Her attacker was now more than a stronger, colder body than hers, holding her down. There was another mind in hers, a dark and looming presence growing larger and closer.

Lady Truesilver did not hear the words that Targrael spoke then so much as she felt them.

“The royal magicians of Cormyr left some very interesting magics hidden around the palace. This was the one that most interested me.”

Enthralled and helpless, Deleira Truesilver couldn’t move or speak as the dark malice of her foe’s cruel, hostile mind flooded into hers, drowning her in shivering darkness…

The Horngate, of course, was locked and barred for the night. The stone-faced guards there crisply informed Mirt that they had no intention whatsoever, short of the correct horncalls from the palace, or the king himself wagging “crown and scepter” in their faces, of opening it before morning.
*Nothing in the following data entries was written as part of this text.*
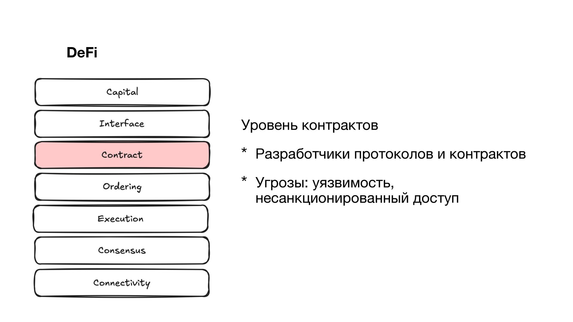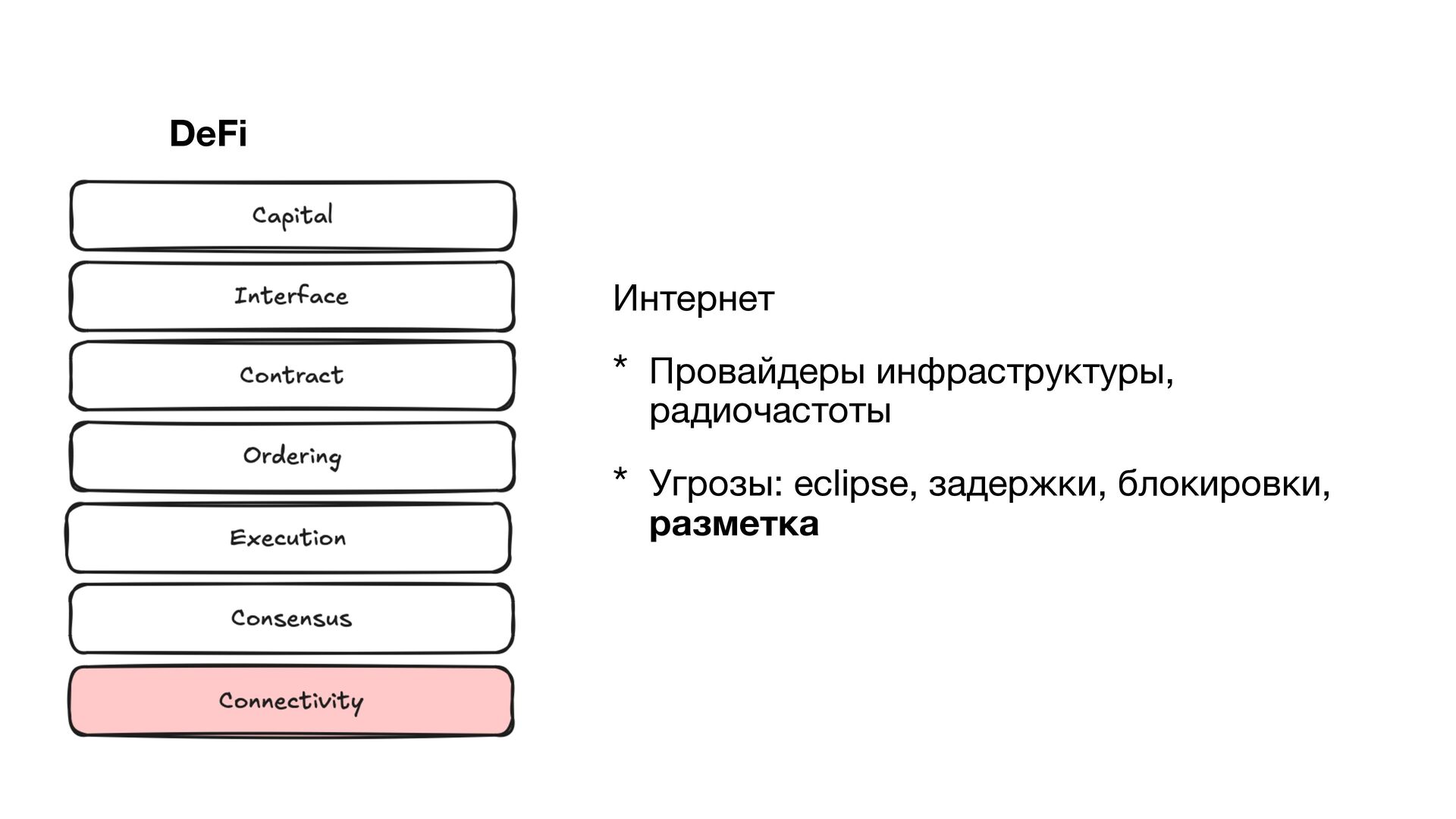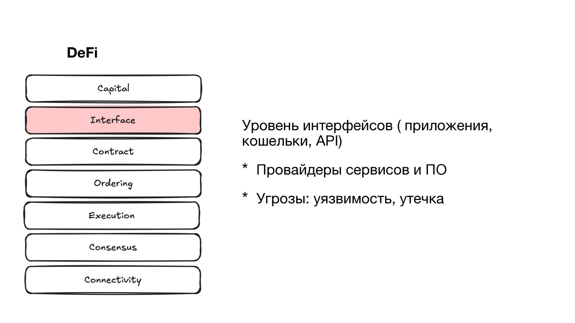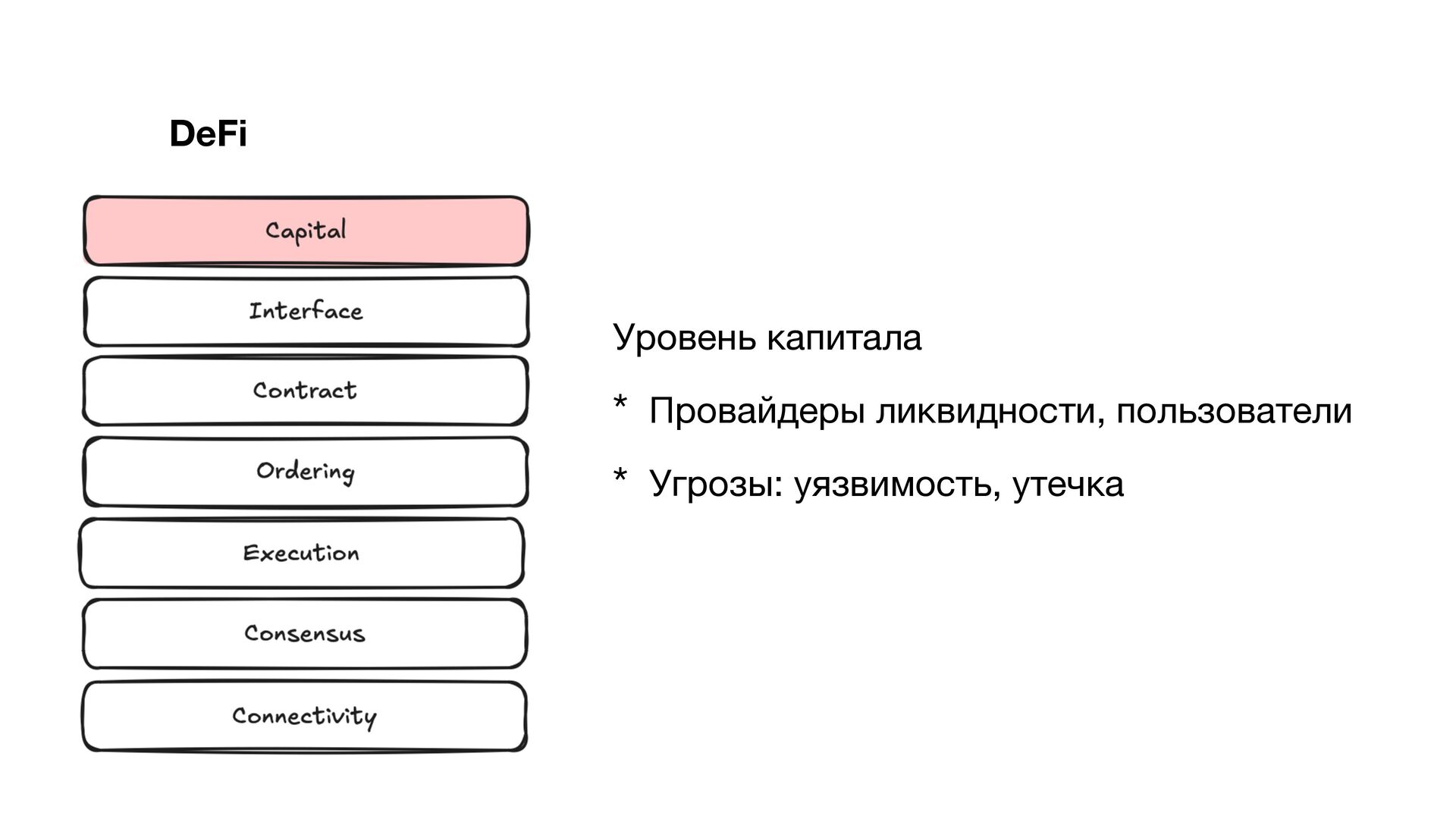 Презентация Владимира Попова, исполнительного директора Центра развития блокчейн Сбера на мероприятии DeFrens x Dash, посвящена роли приватности для финансовых институтов в DeFi и показывает, как привычные банковские операции можно разложить на уровни инфраструктуры, исполнения, упорядочивания, контрактов, интерфейсов и капитала, выделяя для каждого слоя ключевых участников и основные риски — от цензуры и MEV до утечек и уязвимостей.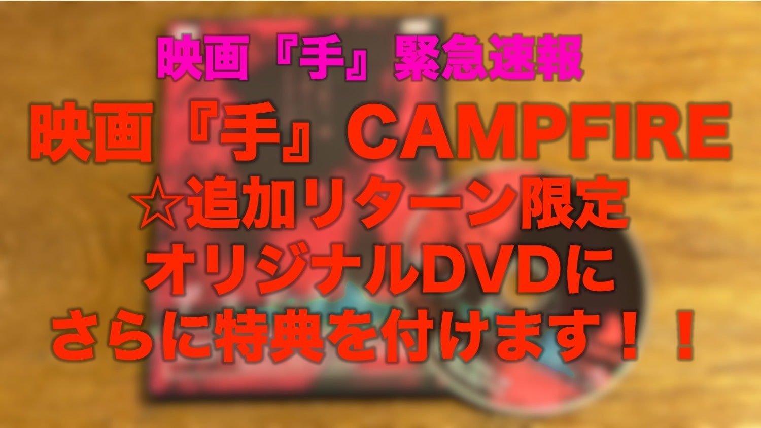 皆様お世話になっております。映画『手』プロデューサーの福谷です。早いものでCAMPFIREのクラウドファンディングも残り10日となりました。目標達成に向けてご支援を頂けると有り難いです。12月2日に発表させて頂きました追加リターンの「映画『手』完全版限定オリジナル本編DVDの提供」のリターンにさらに特典をお付けします!それはなんと!特典で本編の収録されたBlu-rayを付けます!ディズニー作品のBlu-ray買ったときのMovieNEXみたいな感じになります。Blu-rayということは単純画質ではDVDの上位互換が特典で付くことになります。さらにオリジナルDVDのジャケットは今回のクラファンのリターン限定のデザインと盤面も映画のデザインのものを印刷したものになります。※白焼きのディスクに油性マジックで書いたものとかではございませんので。オリジナルDVD提供が含まれるエキストラ出演権と打ち上げ参加券(新バージョン)にもこちらの特典は適用されますので、ご心配なく!なお既にSOLDOUTしている打ち上げ参加券の劇中登場した造形物をオリジナルDVDに変更も可能ですので、ご支援された方は備考欄でお伝えして頂ければです。特典の追加に関して配信による動画でも解説しております。↓↓映画『手』緊急速報 ☆追加リターン限定オリジナルDVDにさらに特典を付けます!https://youtu.be/o2mT-8FCA2A何卒、ご検討を宜しくお願い致します。福谷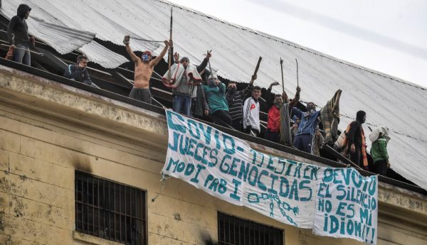 A mediados de abril, en varias cárceles argentinas se iniciaron huelgas de hambre. Los presos reclamaban salir para no infectarse con el virus. El problema afectaba muy especialmente a la provincia de Buenos Aires, donde más de 52.000 personas se hacinaban en centros con capacidad para acoger a 24.000. En Devoto, una prisión federal emblemática de la ciudad de Buenos Aires, se organizó un motín violento que la opinión pública pudo seguir en directo gracias a la distribución de celulares entre los reclusos. El 22 de abril, el Tribunal de Casación de la provincia de Buenos Aires ordenó a los jueces que dieran “de forma inmediata” arresto domiciliario a los presos que formaran parte de grupos de riesgo (por edad o patologías) y hubieran cometido delitos leves. La orden se basaba en un fallo emitido el 8 de abril.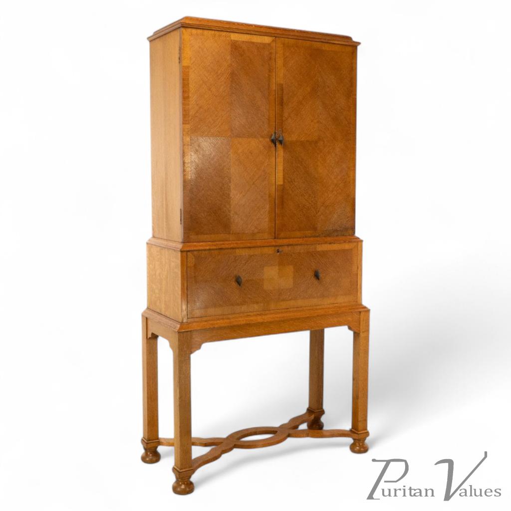 A rare oak secretaire cabinet on stand, with quarter veneered panels to the doors and drawers with black and green diamond-shaped handles. The doors open to reveal adjustable shelves. The sides and lower stand are all made from solid quarter sawn oak with beautiful figuring.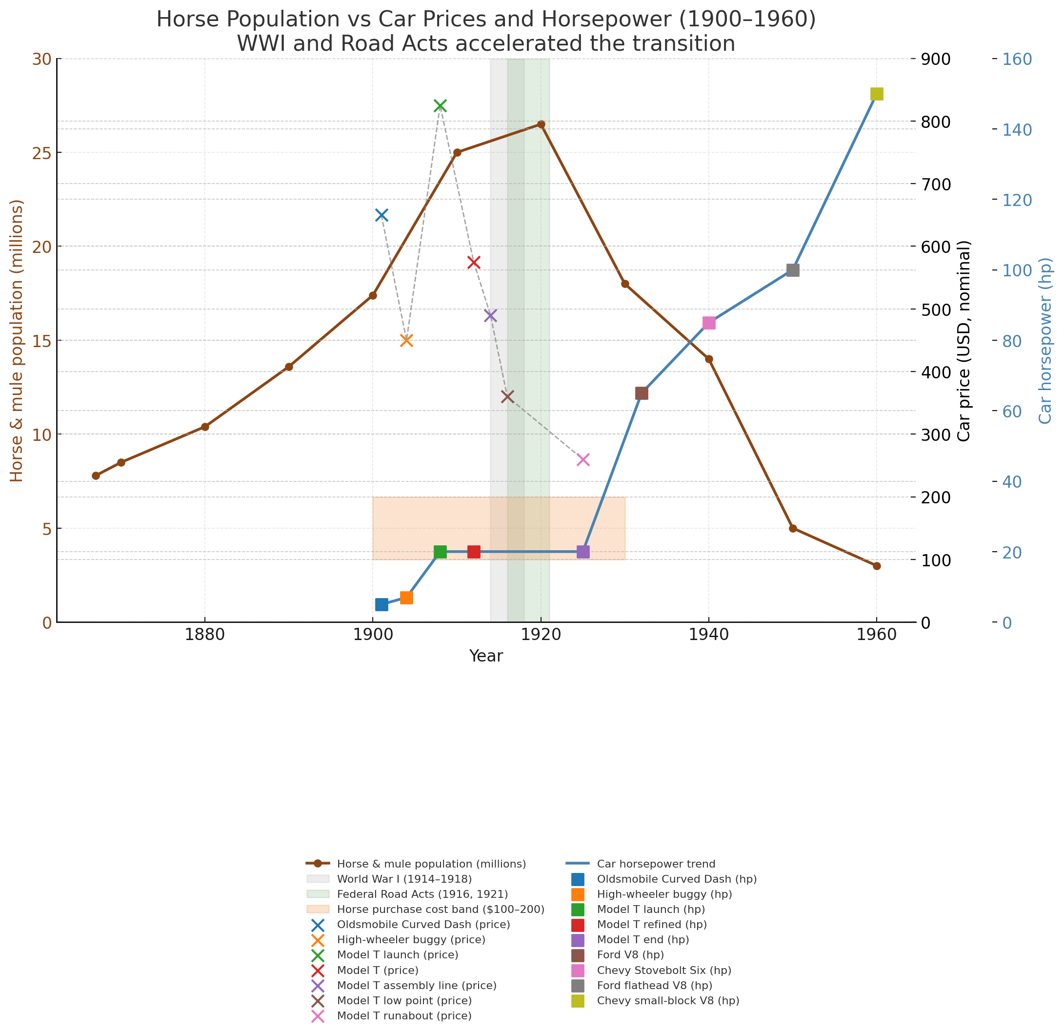 My modal scenario is a bit darker than that. If you graph U.S. horse population during the 20th century you'll notice that population rises steeply after 1900 while cars are being invented and then flattens after the introduction of the Ford Model T. The usual story is that horses were displaced after Ford drove car prices down to around the cost of a horse, and then people sent their horses off to the slaughterhouse. This did eventually happen, but before that a lot of the flattening population curve was horses being shipped off to die in WW1. One source estimates that "about 1,325,000 American horses and mules" were used in WW1, mostly purchased by foreign governments for their war efforts. This drove up the price of horses and horse supplies like feed, making it easier to justify the price of a car.

“All Cormyreans know these rules,” one of them added sharply. “Climb down from there, man, and yield up to us your name, your business here, the land you hail from, your passengers-and their destination. Now.”

Mirt sighed. “I have my orders, an’ they don’t sit well with the ones ye’re giving me, man. So a little less of the ‘now,’ if ye don’t mind.”

“But I do mind, saer! Now, there are ten crossbows aimed at you, so I’m going to tell you agai-”

“If ye put a quarrel through any of my passengers,” Mirt roared, “ ‘tis yer lives as’ll be forfeit, idiot Dragons! Now, down bows, an’ pay heed to who’s stepping out of my coach!”

His shout rang back at him off the closed gates, and he sat down sweating, hoping very much he’d bought Elminster enough time to think of something.

Under him, the coach made the slight rocking that meant its door had been opened and someone was stepping down.